Additionally, I could point you to decades-old documentation discussing
this issue in widely-used (at the time) OSes, e.g., for BACKUP or ISAM
files using RMS in VMS.

Jan
James Giles
2003-10-02 19:04:54 UTC
Permalink
Post by Jan C. Vorbrüggen
Post by James Giles
A really well-designed system knows when to flush (ie. it knows
when files are shared, what "files" are really pipes or terminals,
and so on, and it even knows when other processes try to read
from pipes or shared files - so it knows when buffers pending
to those must be flushed).
Perhaps we are getting closer to the source of our misunderstanding.
What you describe would, in any case, be a very useful facility (to
put it mildly), although only few OSes could currently support it, and
a Fortran standard demanding it won't be enough leverage for it to be
implemented in others important in the market place, and thus no Fortran
standard will demand it 8-|.
I guess I missed where I proposed that the Fortran standard should
demand the facility. In fact, all the proposals I've made for Fortran
features have assumed the host system *doesn't* have such a capability.
Flush after every write (which I propose to be the default behavior)
is obviously meaningless in a system that doesn't support flush because
it's never needed.
Post by Jan C. Vorbrüggen
However, it isn't good enough. As Paul mentioned, you need to provide a
consistent view of the data as accessed by others - in spite of the data
that is required by this consistent view being provided by a non-atomic
sequence of actions (in this case, WRITEs). [...]
Each WRITE, from a Fortran perspective is close to an atomic operation.
That is, you can do very little else (in any standard conforming way) while
it's going on.
Post by Jan C. Vorbrüggen
[...] If that is an absolute
requirement, you need to support transaction semantics and call your
ACID-suporting database of choice. In many other cases, it is enough to
make sure all the data of which the "transaction" consists is made
accessible in finite time - in fact, you'd rather prefer that the change
from one consistent state to the next happens in as small a time window
as possible. [...]
As in, say, flush after every WRITE?
Post by Jan C. Vorbrüggen
[...] This is exactly what current implementations buffering
WRITEs internally until FLUSH is called provide. [...]
Or not - if the programmer forgets to flush.
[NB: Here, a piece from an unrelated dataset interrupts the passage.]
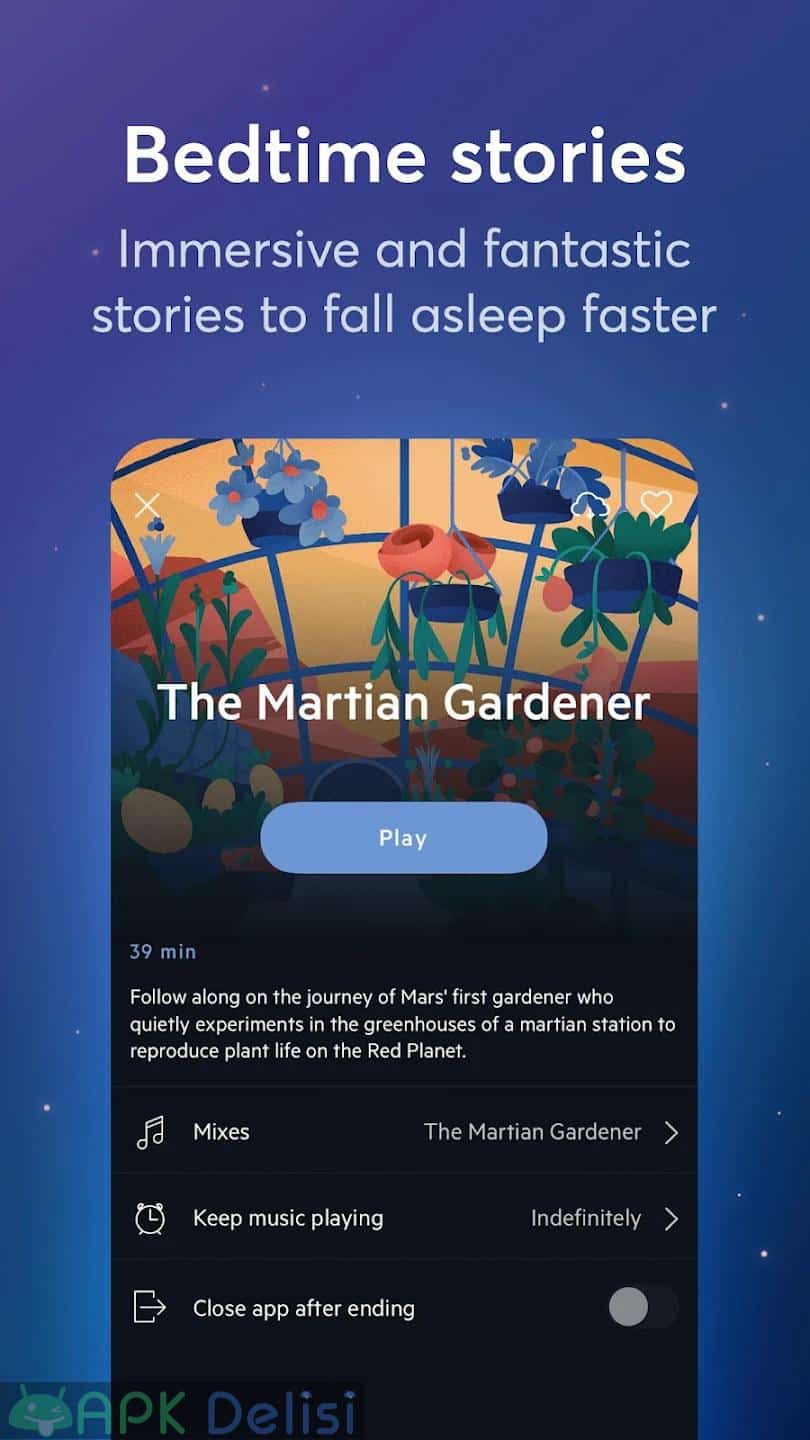 BetterSleep v23.15 MOD APK PREMİUM KİLİTLER AÇIK, geceleri uyuyamayan ve daha iyi hissetmek isteyen kullanıcılarımız için tavsiye ettiğim yapımcılığını Ipnos Software firmasının üstlendiği android platformun popüler uyumanıza yardımcı olan uygulamalarından birisidir. Uygulamanın içeriğine bakacak olursak uyumanıza kolayca sağlayan bunu yaparken sizin seçtiğiniz kategorilere göre müzikler açılıp tıpkı bir meditasyon gibi sağlıklı bir uykuya sahip olabilirsiniz. BetterSleep v23.15 MOD APK PREMİUM KİLİTLER AÇIK ile uygulamada yaşanan genel sıkıntılardan dolayı siz değerli kullanıcılarımıza özel tüm premium kilitler açık hileli bir şekilde sunuyorum bu sayede uygulamadan daha fazla verim alabilir, premium hikaye ve müzikleri dinleyip mışıl mışıl yatabilirsiniz. Sağlıklı uyku, rüya gibi müzikler, bir haftada daha iyi bir uyku ve daha birçok şey siz değerli android kullanıcılarını bekliyor. Şimdiden keyifli günler dilerim.

Is that a case which you
conveniently consign to the "blame the victim" category?
--
J. Giles
Jan C. Vorbrüggen
2003-10-06 09:11:34 UTC
Permalink
Post by James Giles
Post by Jan C. Vorbrüggen
[...] If that is an absolute
requirement, you need to support transaction semantics and call your
ACID-suporting database of choice. In many other cases, it is enough to
make sure all the data of which the "transaction" consists is made
accessible in finite time - in fact, you'd rather prefer that the change
from one consistent state to the next happens in as small a time window
as possible. [...]
As in, say, flush after every WRITE?
No, a typical transaction consists of multiple operations.
Post by James Giles
Post by Jan C. Vorbrüggen
[...] This is exactly what current implementations buffering
WRITEs internally until FLUSH is called provide. [...]
Or not - if the programmer forgets to flush. Is that a case which you
conveniently consign to the "blame the victim" category?
If the programmer writes an incorrect program, it is indeed the programmer's
fault.

Jan
James Giles
2003-10-06 19:11:35 UTC
Permalink
Jan C. Vorbrüggen wrote:
...
Post by Jan C. Vorbrüggen
Post by James Giles
Or not - if the programmer forgets to flush. Is that a case which you
conveniently consign to the "blame the victim" category?
If the programmer writes an incorrect program, it is indeed the
programmer's fault.
Please don't design any aircraft. You'll be sued when you
intentional design traps cause crashes.
--
J. Giles
Brooks Moses
2003-09-30 21:19:40 UTC
Permalink
Post by James Giles
Post by Greg Chien
Post by James Giles
Evidently, opposing features that are frequently the cause of serious
error is an appropriate target of sarcasm. While promoting such
features is filled with virtue.
Unfortunately (or fortunately ;-), we are not living in Utopia.
I neve claimed we were. I do think, however, that we should promote
things that are improvements. And that it's counterproductive to promote
things that aren't.
Do you remember the thread a few weeks ago, where someone had a code
doing binary writes that took a few seconds to run using local file
access or Windows remote file access, but took a large fraction of an
hour to run on Linux NFS file access?

The reason for the dramatic differences in runtime, we determined, was
that binary writes of the nature used in that program _do_ do what
amounts to immediate flushing, and that NFS propogates the writes across
the network and waits for a confirmation that they worked before
confirming back to the program that the write has happened.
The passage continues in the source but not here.